_Dataset excerpt_

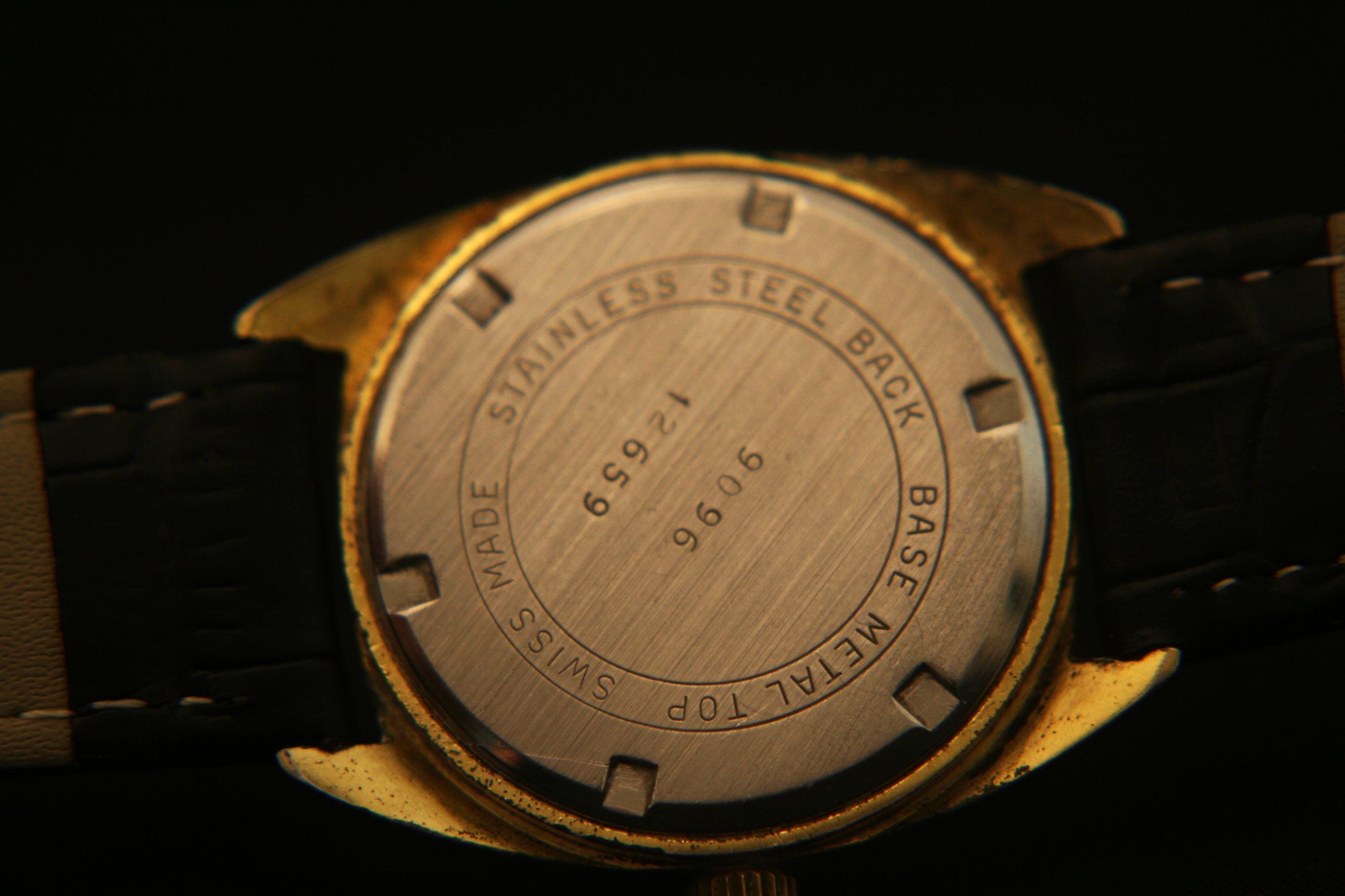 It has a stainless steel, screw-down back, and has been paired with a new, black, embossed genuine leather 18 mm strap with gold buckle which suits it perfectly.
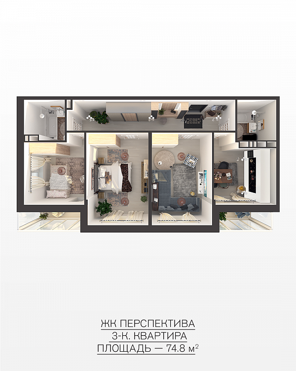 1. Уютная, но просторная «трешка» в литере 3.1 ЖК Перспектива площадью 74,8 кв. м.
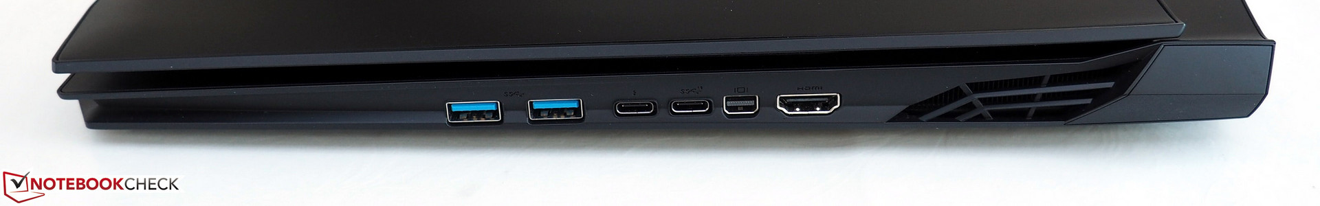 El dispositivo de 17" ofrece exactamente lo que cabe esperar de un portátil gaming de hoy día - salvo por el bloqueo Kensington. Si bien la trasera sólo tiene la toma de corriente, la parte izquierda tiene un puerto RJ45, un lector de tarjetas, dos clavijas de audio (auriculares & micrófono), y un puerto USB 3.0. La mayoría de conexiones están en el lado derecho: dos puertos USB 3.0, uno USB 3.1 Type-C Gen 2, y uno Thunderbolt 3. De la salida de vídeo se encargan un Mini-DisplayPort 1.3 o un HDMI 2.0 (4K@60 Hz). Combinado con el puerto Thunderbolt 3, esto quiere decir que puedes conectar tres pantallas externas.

_Exercise details_
Exactly as written, please give again the lines from the beginning of the listing through the line containing "1. Уютная, но", inclusive, without any pictures.

_Solved exercise_
 It has a stainless steel, screw-down back, and has been paired with a new, black, embossed genuine leather 18 mm strap with gold buckle which suits it perfectly.
 1. Уютная, но просторная «трешка» в литере 3.1 ЖК Перспектива площадью 74,8 кв. м.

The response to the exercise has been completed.